Specifically the Past Me of roughly Christmas 2018 when I received Susan Orlean’s The Library Book as a gift from my stepmother. Reader, this book is about libraries, books, and readers, all in a narrative non-fiction wrapper, and I … promptly shelved it and actively did not read it until January 2023. Past Me! We are at the library twice a week! Except for french fries and social justice, this is virtually everything we care about!
Don’t be like Past Me - if this sounds appealing, you should check it out.
Why? Because this is just an earnest little love letter, a delectable box of chocolates, a delightful balloon arch about books, libraries, and the people who love them.
The interwebs will try to position this as an investigative true crime book, and like yeah okay maybe but not really? Certainly there is a through line about the 1986 fire that destroyed a huge chunk of the LA Public Library, and the central suspect. And it’s pretty interesting.
But to me, what’s much more compelling are the short vignette chapters that paint a vivid portrait of the LA Library, and by extension all American libraries, then and now. Orlean clearly loves books and libraries, and her great affection for the people who make them possible is irrepressible.
It’s also a thought-provoking meditation on a world where we don’t just tolerate each other, but where we create spaces that are actively, deliberately, and joyfully intended for all members of the community, with deliberately open access. And how in many ways, the library has repeatedly brought out the best in us.
Forget Twitter - the library is the actual public square. It’s often repeated that if libraries were suggested today, they would be a completely non-starter. (“Socialism!” “But who’s going to pay for it!” “I don’t want my kids in a place that’s so dangerous.”) The Library Book reminds us just what we would lose without them, and offers a realistic but hopeful view of the future of these sacred spaces.

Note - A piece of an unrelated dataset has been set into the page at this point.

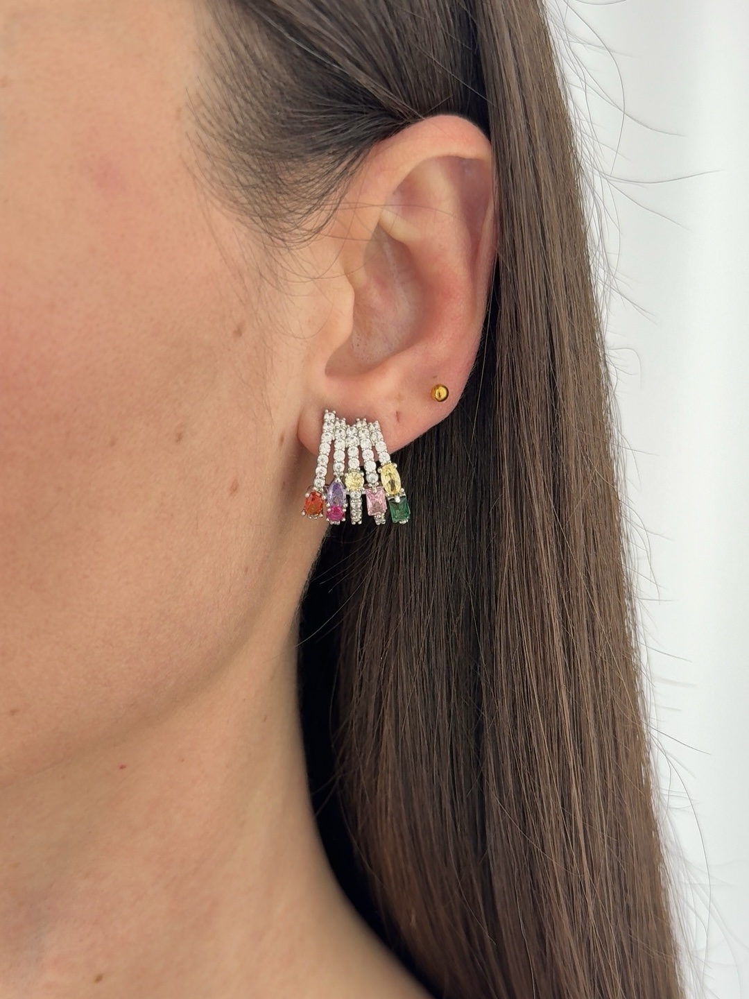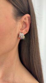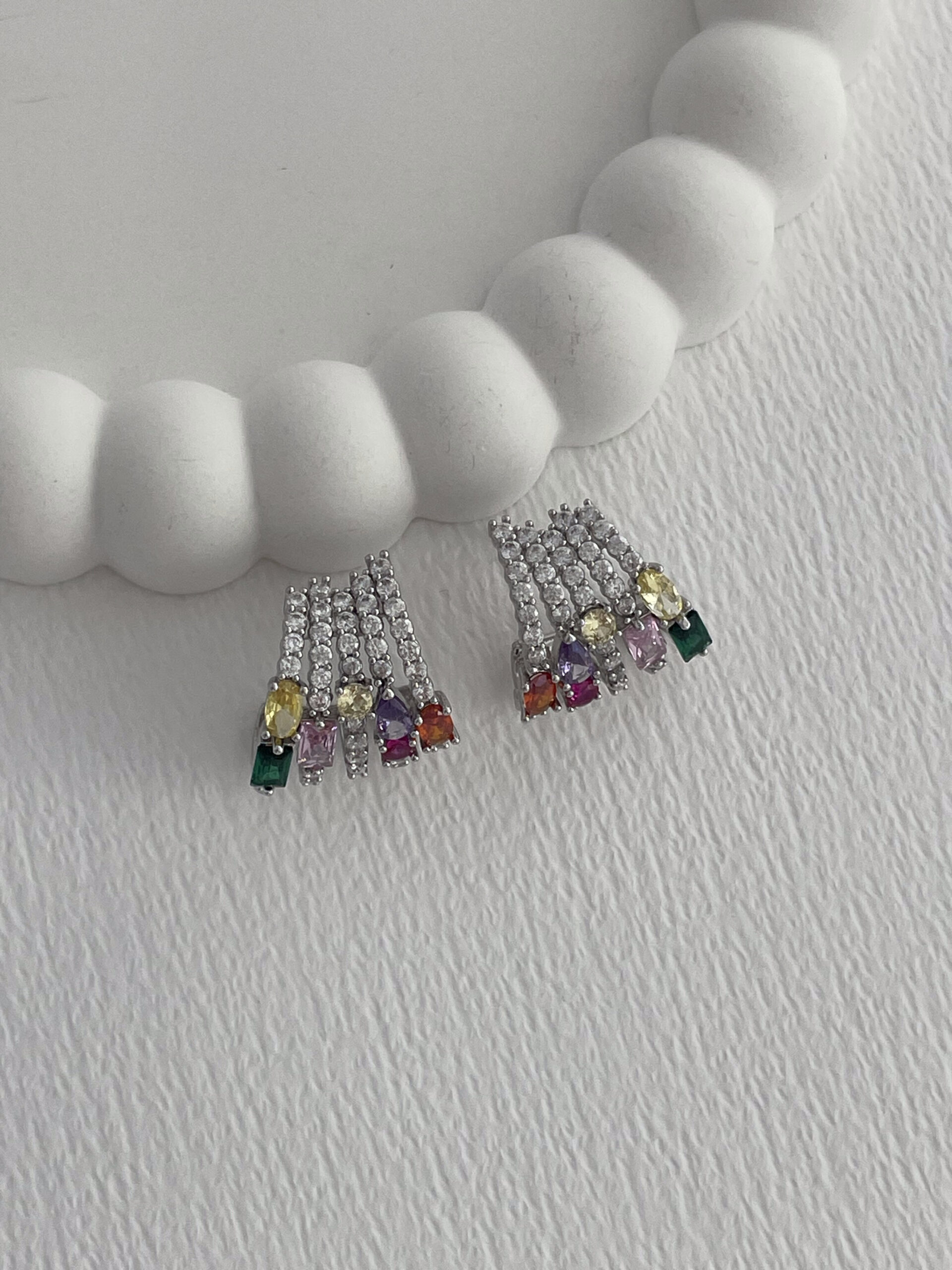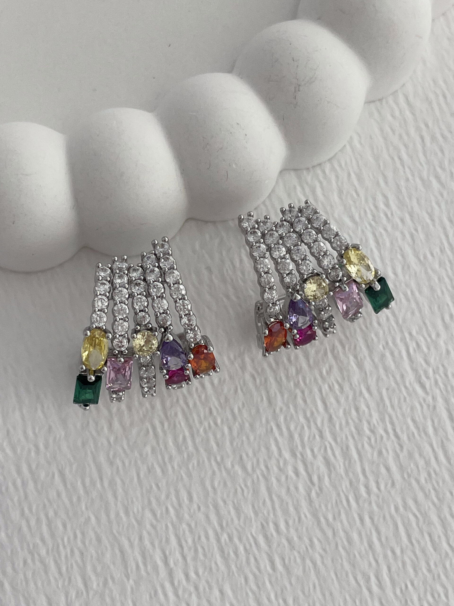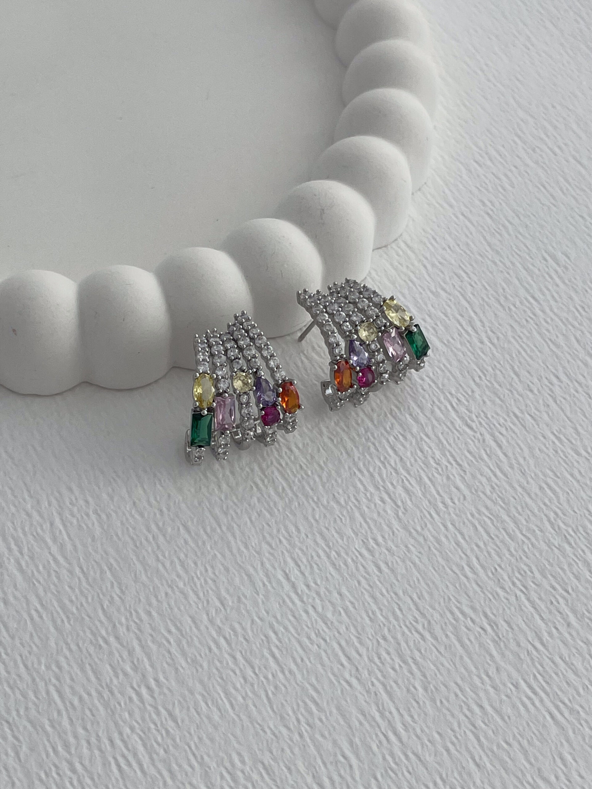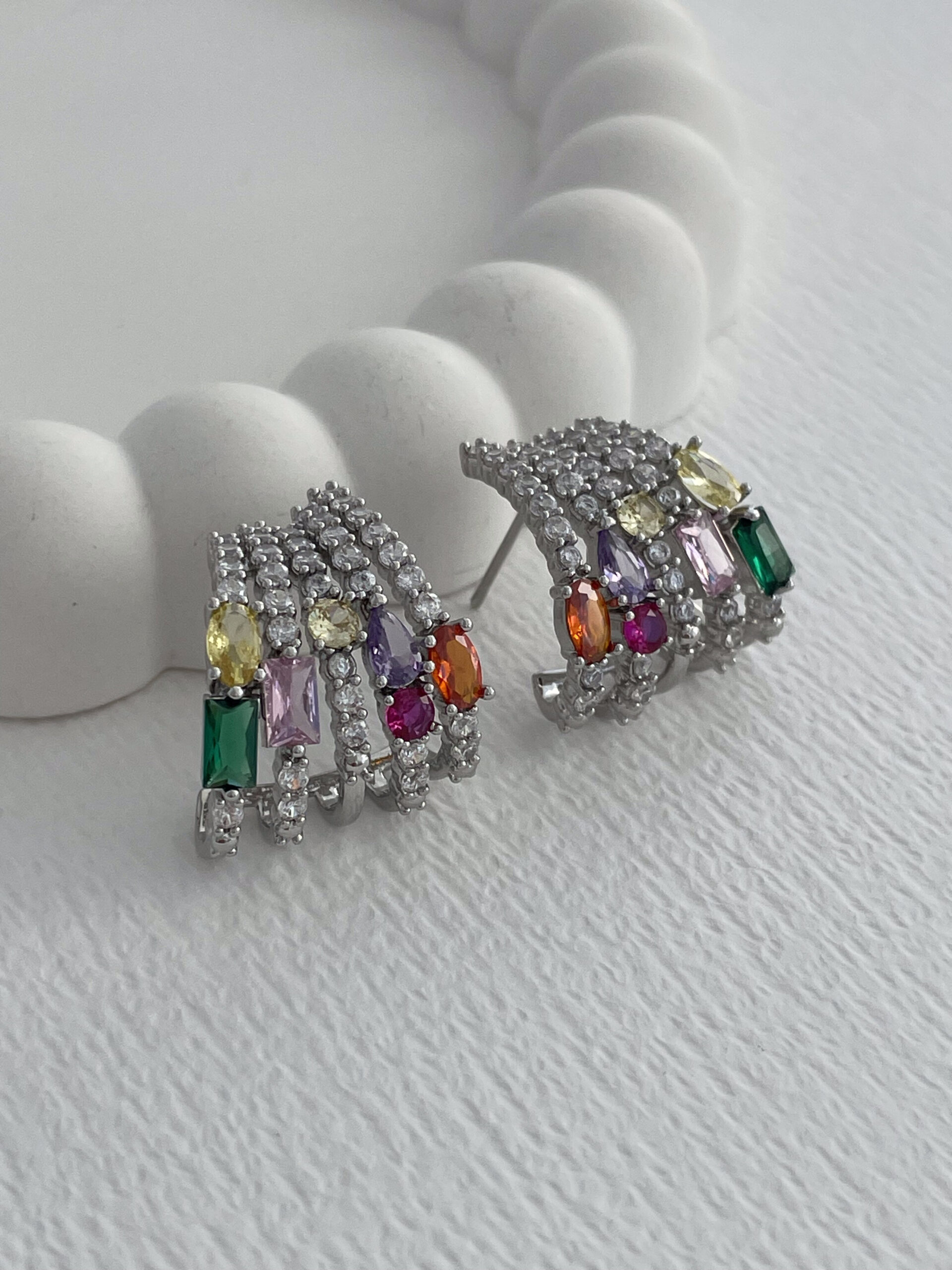 Özel Seri Geometrik Tasarım Renkli Zirkon Taş Detay Gümüş Küpe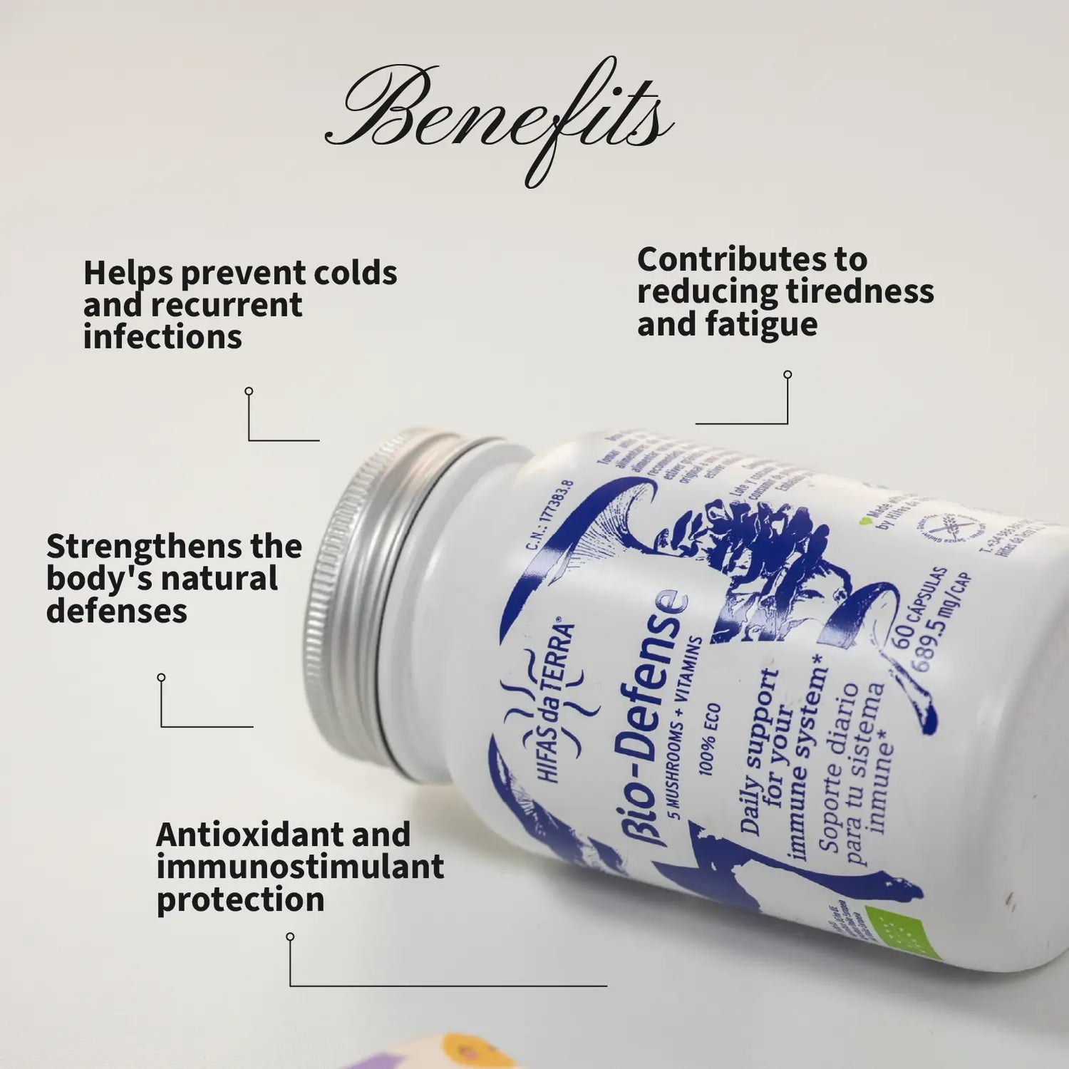 La sua formula combina Reishi (Ganoderma lucidum), Shiitake (Lentinula edodes), Maitake (Grifola frondosa), Pleurotus ostreatus e Pleurotus eryngii, funghi noti per il loro contributo alle difese naturali. Contiene inoltre beta-glucani e polisaccaridi attivi che favoriscono il corretto funzionamento del sistema immunitario.

YES I LIKE LIBRARIES OKAY LIBRARIES 4EVA PEACE LOVE AND LIBRARIES KEEP CALM AND GO TO A LIBRARY DODGE DUCK DIP LIBRARY & DODGE
Or if you want the romcom version of this, you could just read Emily Henry’s Book Lovers. You do you.
Did you read The Library Book when it actually came out, like a modern-day person? Tell me what you thought!
The Card Catalog of Closing Thoughts
Yes, I 100% made check-out cards for my books when I was a kid. Yes, I have always been this nerdy, homebody person.
If this week’s book doesn’t sound at all interesting to you, check out the archive with many weeks of All Genre of Books (MUCH LIKE A LIBRARY. CAN’T STOP WON’T STOP)
If you wonder why I rhapsodized about this book and then gave it 3.5 lambs, it’s because you don’t yet know the Gentle Lamb Reading Diagnostic Scale! Check it out here.
The links above go to Bookshop.org, which supports indie bookstores. You can select the bookstore you want to support, even! Is there anything more noble.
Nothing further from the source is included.